I just want to vent.
Why is it that:
a) there is this perpetual Christian need to show people that Christians can have fun too? It mostly manifests itself in forcing people to play games in which you have to imitate an egg, a chicken, a cow, a gorilla and a model. Or, hopping a short distance with a clothes-peg between your knees and trying to drop it into a milk carton. (Yes, this has happened to me in the last week.) It's not fun, unless you're maybe twelve or below! I resent being made to feel like a spoilsport who has no fun because I don't think going to a Bible study group means I have committed myself to stupid games I don't enjoy!
b) being a Christian means for some people that we have to be constantly crinkly-eyed (in Adrian Plass's words) and bushy tailed? And have to talk about how [insert study group name here] has changed our lives?
The Christian group of which I have been a member at university for three years is cranking up again for the year, and I have had enough already. I have tried and tried and tried to fit in, and I can't. I just don't think it's possible to make an effort to enjoy myself, or to become BFFs with people I can hardly speak to.
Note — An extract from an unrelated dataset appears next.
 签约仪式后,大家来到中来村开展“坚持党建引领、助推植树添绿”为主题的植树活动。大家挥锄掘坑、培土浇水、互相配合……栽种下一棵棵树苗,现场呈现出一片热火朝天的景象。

The studies themselves have always been good but everything else has always been a constant struggle and I'm sick of it. I don't want to go on a camp people say is going to be so much fun because we have to take old clothes and get very messy.
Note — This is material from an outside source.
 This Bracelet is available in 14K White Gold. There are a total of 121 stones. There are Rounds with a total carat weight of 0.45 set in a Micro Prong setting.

It goes deeper for me. Something happened two years ago that almost destroyed my trust in the people there. Let's just say I am not interested in friendship that entails everyone having a jolly good time while things coast along smoothly, but as soon as something goes wrong in someone's life, well, silence and avoidance is the best option.
I'm not happy. I want to define that a little more, because I feel like I love God more than ever, and depend on him more than ever, and he gets me through every day. I say that without hesitation. But quite often I wish I could just skip all this annoying life stuff and go straight to heaven. There is a deeper joy, that God has accepted me despite all my shortcomings and that I am valuable to him as I am. But I don't sit comfortably among other people and I can't be a cheery bouncy happy-happy person. To be at this group means for me at least that I have to go hooray! life's a blast! all the time without any real meaning behind it. The group is not set up for unhappy people, and I think that what happened to me two years ago has really disabled me from settling in there. I have Issues (I hate that word but it's true) and I can't sort them out there.
There are a few people there I'd be really sorry to say goodbye to. But I don't think leaving would mean they're out of my life forever.
So. I have had enough of being negative. I am not going back to the group. It really is a wonderful group for a certain type of person. But it is pulling me down. I need a change. I want to start going to a Bible study with my new church, which is affiliated with a different Christian group and is full of people who made me feel welcome and a part of them as soon as I stepped in the door.